**WHAT NEEDS TO BE DONE**
Apart from the pictures, which must be omitted, restate the data exactly.

--- INPUT Enclosed Below ---

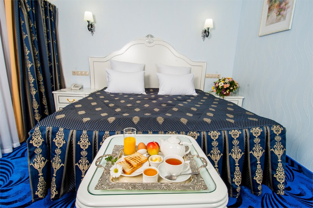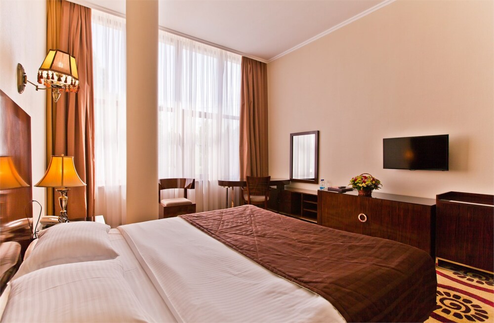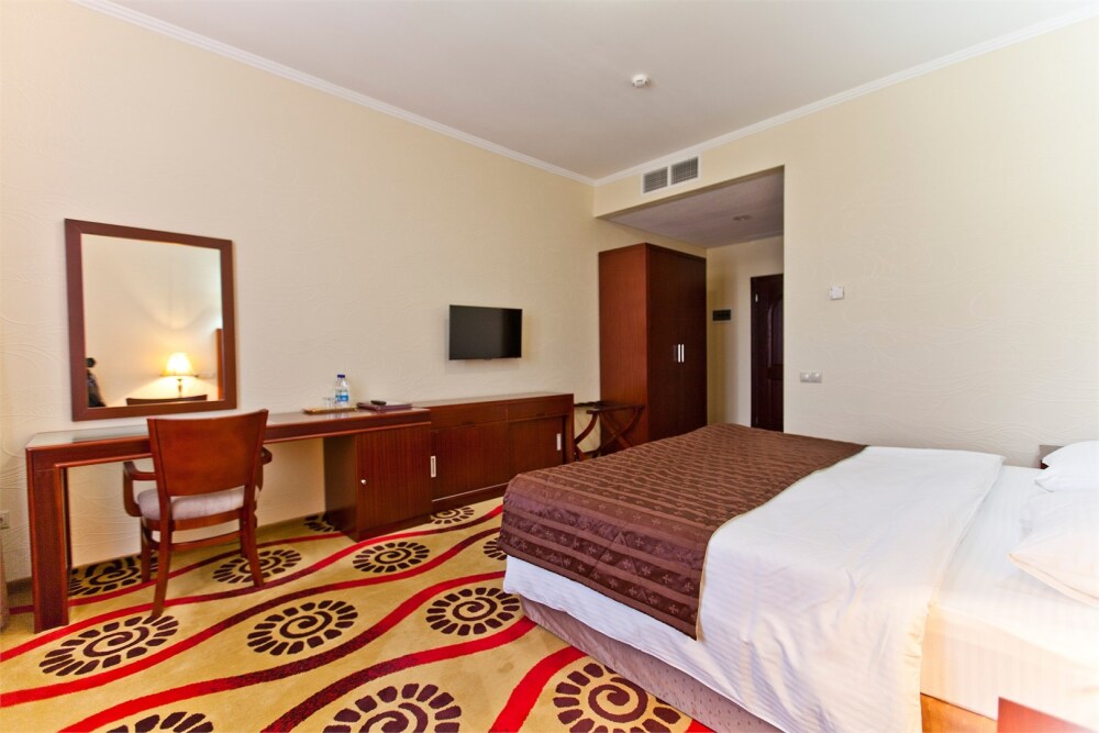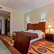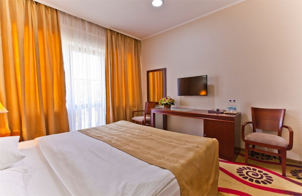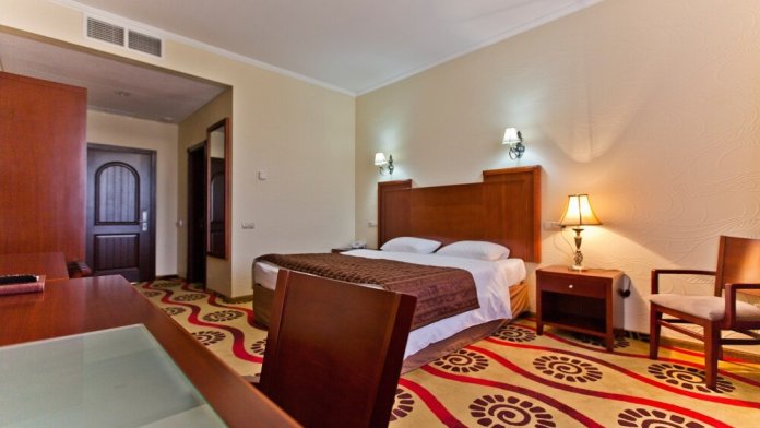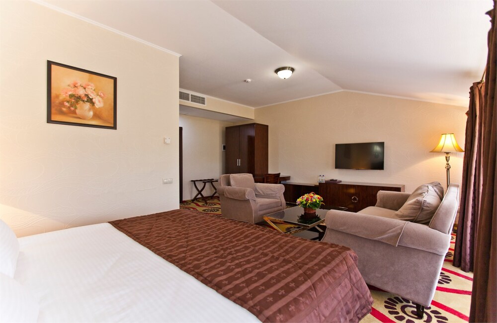 Двуспальная кровать, прикроватные тумбочки, ЖК-телевизор, телефон, письменный стол, мини-бар, сейф. Один ребёнок до 8 лет — можно без отдельного спального места.
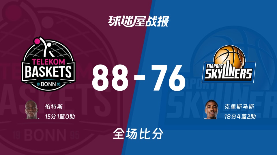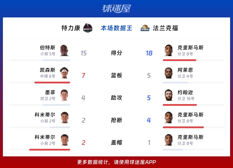 法兰克福:克里斯马斯18分、约翰逊12分、阿莱恩8分、霍金斯8分、帕佩6分
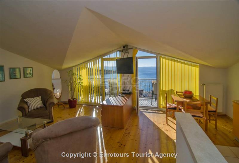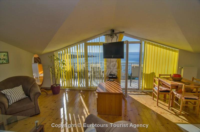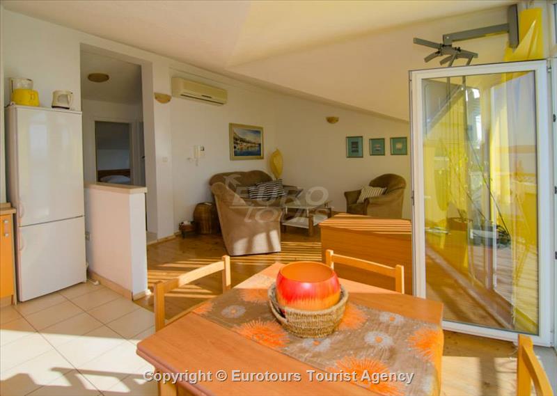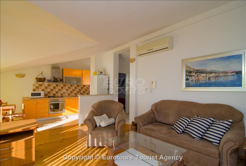 Apartment No 4(for 4-6 people) luxury apartment with two small bedrooms, a bathroom with washing machine, living room with balcony with a beautiful view of the sea and the islands of Brac and Hvar.Udaljen is only 200 m from the center and 50 m from the beach, facing south and always sunny. The apartment is furnished with all the modern amenities for a pleasant holiday gostiju.Apartman 55 qm 3 rd floor. Satellite TV, air conditioning, internet, kitchen (4 hotplates, oven, periliza dishwasher, microwave, stove, toaster,freezer)
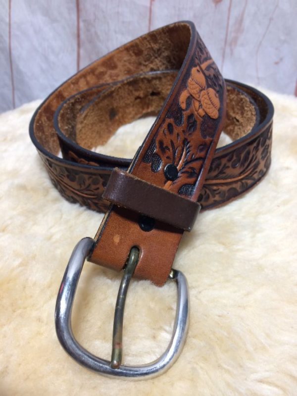 LEATHER W/ ACORN EMBOSSED DESIGN BELT
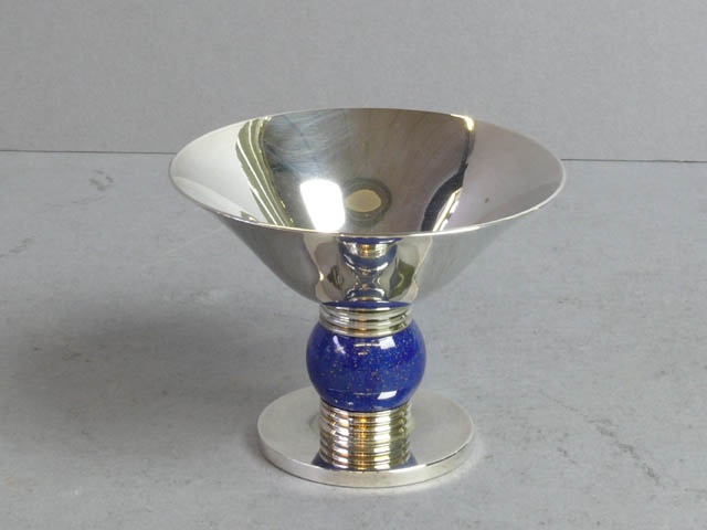 E.P. SILVER SWEET MEAT DISH WITH BLUE LAPIS STEM 10 CM DIAM.
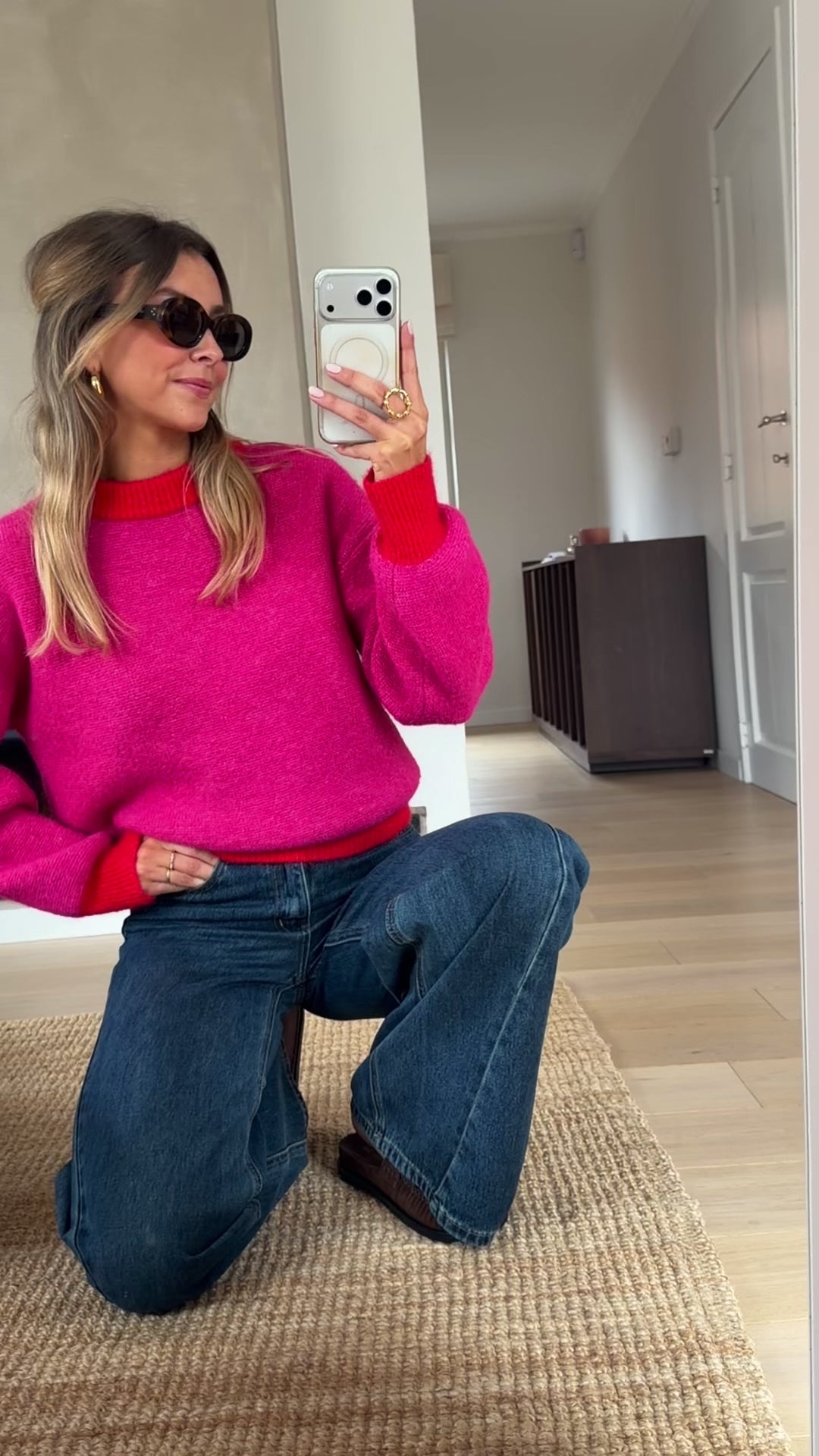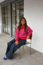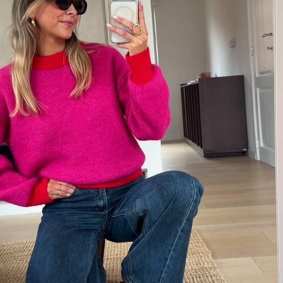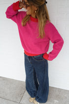 Bring bold color to your everyday look with the Red and Pink Victoire Sweater. Designed with a classic crew neck and long sleeves, it features striking red trim at the cuffs and neckline for a refined, stylish touch. Soft and cozy, this sweater is perfect for layering or wearing on its own, making a vibrant statement wherever you go.
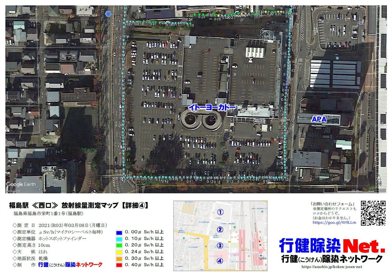 「福島駅西口」(福島市)の放射線量をはかりました。

--- End of Enclosed INPUT ---

**YOUR RESPONSE**
 Двуспальная кровать, прикроватные тумбочки, ЖК-телевизор, телефон, письменный стол, мини-бар, сейф. Один ребёнок до 8 лет — можно без отдельного спального места.
 法兰克福:克里斯马斯18分、约翰逊12分、阿莱恩8分、霍金斯8分、帕佩6分
 Apartment No 4(for 4-6 people) luxury apartment with two small bedrooms, a bathroom with washing machine, living room with balcony with a beautiful view of the sea and the islands of Brac and Hvar.Udaljen is only 200 m from the center and 50 m from the beach, facing south and always sunny. The apartment is furnished with all the modern amenities for a pleasant holiday gostiju.Apartman 55 qm 3 rd floor. Satellite TV, air conditioning, internet, kitchen (4 hotplates, oven, periliza dishwasher, microwave, stove, toaster,freezer)
 LEATHER W/ ACORN EMBOSSED DESIGN BELT
 E.P. SILVER SWEET MEAT DISH WITH BLUE LAPIS STEM 10 CM DIAM.
 Bring bold color to your everyday look with the Red and Pink Victoire Sweater. Designed with a classic crew neck and long sleeves, it features striking red trim at the cuffs and neckline for a refined, stylish touch. Soft and cozy, this sweater is perfect for layering or wearing on its own, making a vibrant statement wherever you go.
 「福島駅西口」(福島市)の放射線量をはかりました。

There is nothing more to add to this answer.